His first job in law enforcement was to serve beginning in 1930 as a deputy sheriff in Conroe, Texas.  He became acquainted with Montgomery County Sheriff Ben Hicks who had allowed Peoples to ride with him as an observer.  An opening came up and Peoples applied for the position.  He was not really old enough to hold the job but, apparently by his own admission, he claimed to be older.  It was in Conroe that he married the former Donna Lee Henderson in 1934.  After serving as a deputy and rising to the rank of chief deputy, he was appointed by Governor Miriam “Ma” Ferguson to be a special “Texas Ranger” and investigator over four Texas state horse racing tracks.  He passed a law enforcement examination and became a Texas Highway Patrolman in the Department of Public Safety in 1941.  After serving for the Department for five years, in 1946 Peoples became a Texas Ranger when an opening came up.  He served with the Rangers in some capacity from 1946 until his retirement in 1974.  Following his resignation from the Rangers, Peoples was appointed a United States Marshal for the northern district of Texas until around 1990.

His tenure in Conroe coincided with the oil boom in Montgomery County.  The discovery of oil in Texas brought with it new residents, some transient, and many times an element of lawlessness and crime.  Of this period, Peoples would be quoted in a United Press International article as saying, “The best law enforcement experience I had was working during the oil boom.  It was the Depression era.  People were starving to death. There were a lot of gangsters trying to move into our county.”

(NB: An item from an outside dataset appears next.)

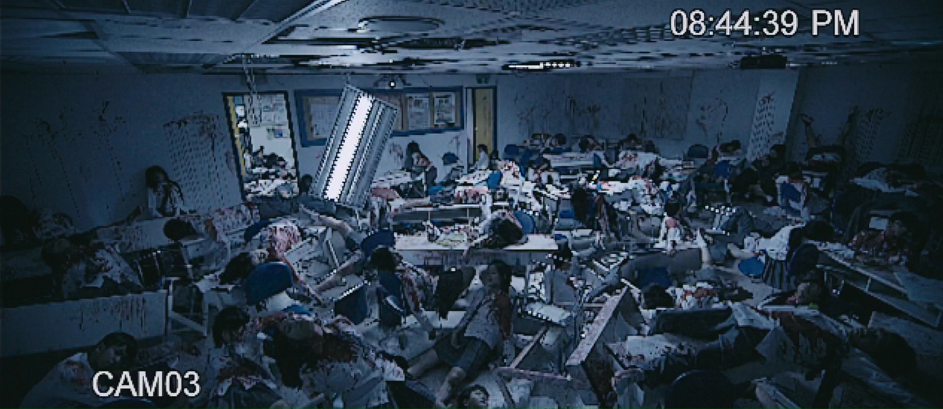 Notre bande de héros fait des actes impossibles à excuser. Les monstres cannibales, nous ignorons tout sur eux, et nous ne les voyant, libres, que tuer, ou capturés, que subir. Quand au système éducatif, il n’est pas mieux, la prof ne pensant qu’à ses intérêts, et n’hésitant pas à rabaisser chacun de ses élèves quand cela devient nécessaire pour elle. Quand au personnage principal, il aura beau tenter de dire qu’il est différent, de se justifier, comme pour se rassurer lui-même, mais c’est trop tard, sa plongée avec la bande aura révélé, à lui-même et aux autres, sa vraie nature. Il ne vaut pas mieux. Et l’horreur dans tout ça ? J’y arrive j’y arrive ! Comme je l’indiquais pour la scène d’ouverture, Giddens Ko semble comprendre que le gore à répétition ou filmé avec les pieds ne fonctionne pas (ou ne fonctionne plus). Il retarde donc l’inévitable, avec une première heure relativement calme, avant que les événements, passé la scène choc du gymnase (prouvant encore une fois que l’humain est pourri et préfère rire du malheur et de la douleur des autres), ne s’accélèrent, en montrant simplement la quête d’une des cannibales pour retrouver sa sœur captive. Et comme sa seule piste sera les élèves de ce lycée, et bien ils vont devoir tous y passer. Le réalisateur trouve même un équilibre, très fin, entre le choc des situations, des images, de son propos, et le grotesque du ton, son humour, et donc un ton parfois jubilatoire. Un équilibre fragile, à coups de massacre aux giclées de sang XXL où vient se mélanger de la pop douce et un ton noir et grotesque de sale gosse. En résulte quelques scènes sanglantes au possible, et marquantes, comme la scène du bus, ou celle de la salle de classe. On aurait sans doute aimé plus de rebondissements, ou un propos parfois plus nuancé, mais Mon Mon Mon Monsters fait du bien par où il passe.

As a Ranger, he first worked out of Austin in the Headquarters Company.  His career of around thirty years with the Rangers spanned four decades.  Some of the major cases he was involved in included the George Parr case, the Billie Sol Estes case, the Maceo brothers gambling case and the “Chicken Ranch” in La Grange.  Parr was a political figure in South Texas and is alleged to have aided the senatorial election of Lyndon B. Johnson by influencing a favorable vote in Jim Wells County in 1948.  In the Billie Sol Estes case, Peoples worked on it for twenty-three years, beginning with the suspicious death in 1961 of federal investigator Henry Marshall and alleged fraudulent activities by Estes.  The Maceo brothers, Italian by lineage, were alleged to have created a bootlegging and gambling empire in Galveston.  The Chicken Ranch was a well known brothel (illegal in Texas but apparently tolerated by authorities) that operated for almost sixty years from 1905 to 1973 until law enforcement forced it to close.

A common thread through the Parr and Estes cases was future President Lyndon B. Johnson.  Over the years, attempts have also been made to connect Johnson to both of these cases as well as the 1963 assassination of President John F. Kennedy, including the grand jury testimony of Estes, but no formal connection was ever made.  Another conspiracy thread attempts to connect the Henry Marshall murder case with the Kennedy assassination by alleging the involvement in both cases of one Malcolm “Mac” Wallace.

Peoples was appointed to the United States Marshal service under President Gerald Ford in 1974.  He remained in the Marshal service during the Carter Administration and also served under President Ronald Reagan.

On June 23, 1992, the Kerrville Times carried a three paragraph article under the headline “Noted former Texas Ranger dies in crash.”  It related that the 81 year old Peoples had been killed in one car accident when his vehicle veered off a Waco street and collided with a utility pole.  The article went on to state that the long time lawman was pronounced dead at Hillcrest Baptist Medical Center by McLennan County Justice of the Peace Steve Kazanas.  Peoples was interred at Waco Memorial Park just off Interstate 35 south of town between Robinson and Hewitt.

He entered the Texas Rangers as a private and his highest rank in the Rangers was Senior Captain.   He was a Mason and a member of the Baptist Church.  His honors include having the Montgomery County law enforcement training facility named for him.  He was also influential in the establishment of the Texas Ranger Hall of Fame facility in Waco and was inducted into its own hall of fame.